Дальше — чудо. Лабунский кажет листик чистой бумаги, и в Анну Ефимовну тотчас же вселяется бес самой бурной деятельности. «Секундочку... Халат снять...» Она ведет Лабунского на край городка, за огороды, в мещанский домик. Здесь путешественнику дают умыться и перекусить, укладывают его спать в спаленке с образами и старинным пузатым комодом у стены. Лабунский долго разглядывает коробочки, фотографии, рюмочки с деревянными пасхальными яйцами и глиняных барашков, аккуратно расставленных на комоде. «Русская интеллигенция, — думает он, — никогда не была по-настоящему действенной. Даже народники... В массе своей и они бездействовали. Яд непротивления отравлял самосознание. Анализ поглощал динамику...» На этом кончаются мысли. Ему кажется, что он заснул и проснулся одновременно. Между тем прошла ночь. Мужик с кнутом трясет его за плечо. «Пора, браток... Не гоже лошадь знобить». Так ехал Лабунский из города в село, из села в деревню, из деревни в город. Провизорша передавала его лавочнику; лавочник — часовщику; часовщик — школьному учителю; но никто из них не догадывался, что едет вождь «чапанного» бунта...

Механика явок безотказно действовала до Волги и за Волгой, до самой Кипели, но здесь случилось непредвиденное. В Кинели Лабунскому следовало задержаться для выяснения обстановки. Хитрый «чапанный» вождь остерегался прямых расспросов. На явочной квартире показалось ему подозрительно. А разведка исподволь требовала времени. Февральский день был короток, мороз жесток, и его щекочущий запах проникал даже в избы, а в животе «катались андроны». Лабунский начинал уже клясть судьбу, не подозревая, что она старается для него изо всех сил.
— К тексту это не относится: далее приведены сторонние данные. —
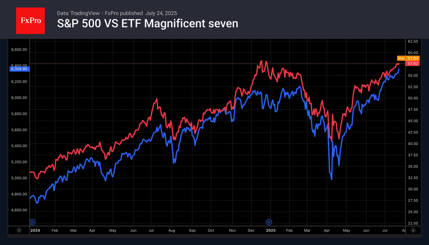 Фондовые индексыЭкономика США не падает с обрыва. Торговые сделки снижают неопределённость. ФРС двигается к ослаблению денежно-кредитной политики. Корпоративная отчётность радует глаз. Что ещё нужно фондовым индексам для ралли? S&P 500 не устаёт переписывать исторические максимумы и с нетерпением ждёт данных от Великолепной семёрки. Эксперты Уолл-стрит ожидают от её представителей 14%-ого роста прибыли по сравнению с 3% для остальных 493 компаний широкого фондового индекса.До сих пор фактические данные за второй квартал оказались лучше для 83% отчитавшихся эмитентов. Средний показатель за последние 5 и 10 лет составляет 78% и 75%, соответственно. Поддержку S&P 500 оказывает слабый доллар. В силу огромных масштабов внутреннего рынка США только 13% корпоративной прибыли поступает из-за рубежа. Входящие в состав широкого фондового индекса компании более интернациональны. Для Goldman Sachs, например, показатель составляет 28%.Долго ли продлится эйфория? Если из-за тарифов экономика США направится к стагфляции, доходы компаний упадут, а S&P 500 сделает шаг назад.Команда аналитиков FxPro

На большой Кинельской улице судьба столкнула его нос к носу с Батуевым. Как ни удачна была театрализация, Батуев сразу узнал Лабунского и развел руками.

— Да что это с вами? Да куда же вы?

К вечеру Лабунский очутился в Несмышляевке, в избе старого Елочкина, и, рассупонившись, красный, потный и довольный, глотал, обжигаясь, огненный «Иван-чай».
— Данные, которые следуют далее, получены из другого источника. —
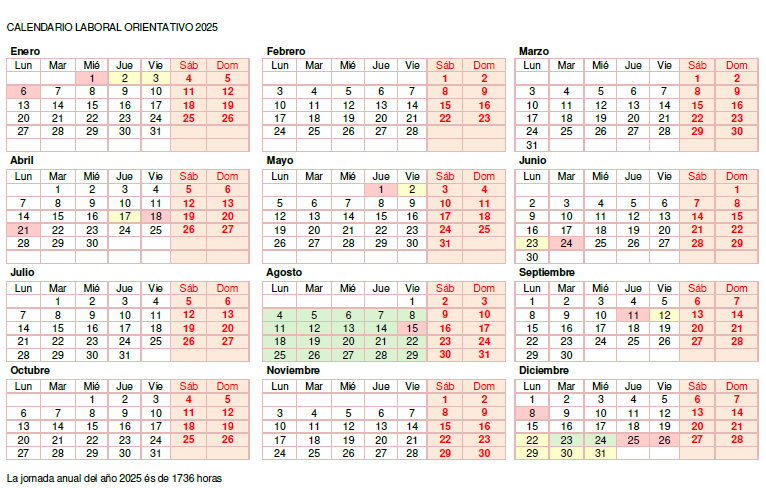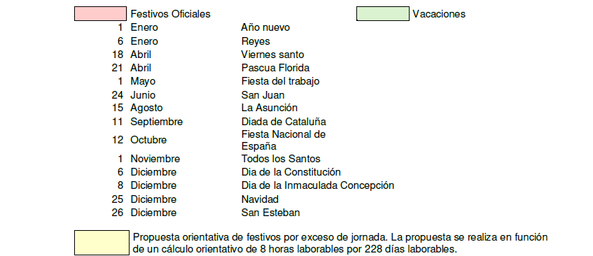 – Calendario laboral anual por adaptación de la jornada pactada en el Convenio general.

— Слушайте, Авк, — говорил он Батуеву, — мы с вами не вчера познакомились. Кажется, черт вас возьми, могу спросить прямо: чем тут у вас пахнет?

— Знать не знаю, — отрезал Батуев, — и, главное, знать не хочу. Коли угодно, спросите старика. Ему все известно. А вы его сына из беды выручили. Спросите...

Дядя Максим чесал спину.

— Сиверко, больно сиверко, — повторял он, внимательно разглядывая Лабунского, — каляно... А чем у нас пахнет? Да что... Богачей много. Привыкли, как бывало: пыхтят, стучат молотилки. Ну и... А бедных-то еще побольше. Вот теперь ждем погоды... Один — лошадь забыл завозжать. У другого — гужи ослабли, кобыла сама отпрягается. Маята.

Лабунский рассердился.

— Балаганщик, дед, ты! Я сына твоего от беды спас, а ты со. мной как? В объезд да боком. Чего боишься?
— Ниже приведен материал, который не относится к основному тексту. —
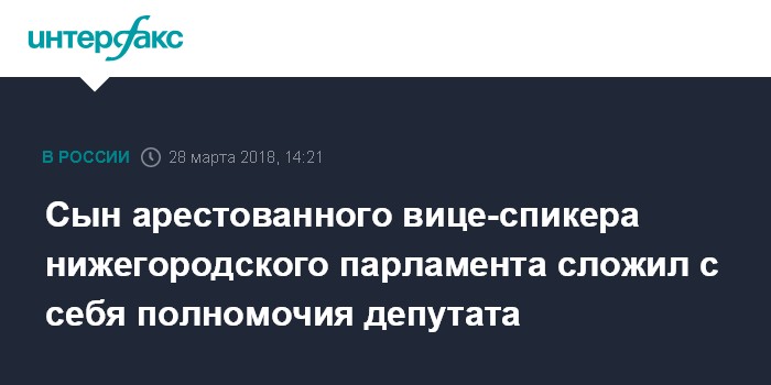 Сын арестованного вице-спикера нижегородского парламента сложил с себя полномочия депутата

— Бояться — у меня в мыслях нет.

— Врешь, бетонная голова.

— Не вру.

— Да, русский мужик, православный, не может, чтобы не бояться. Вот я положу иголку на бумажку, а снизу поведу магнитом, ты и помрешь со страху: волшебство!

Батуев расхохотался. Но лицо дяди Максима сохраняло грустное выражение важности и спокойствия. Он медленно покачал головой.

— Балаган и будет. А про дело я вам, сударь, так скажу. За Степку благодарность вам вечная. Только вы меня не трожьте.

— Кто тебя трогает?

— Вы, сударь. А я за большевиков жизнь отдам!

— Эге! С каких это пор, дядя Максим? — воскликнул пораженный Батуев.

— Как ты ко мне ночевальщика намедни приводил, — так с энтих самых пор. Есть такой — Карбышев, Аксен привел. Огласил мне тогда Карбышев по приказу и от себя, что есть большевики. И уж так я все понял!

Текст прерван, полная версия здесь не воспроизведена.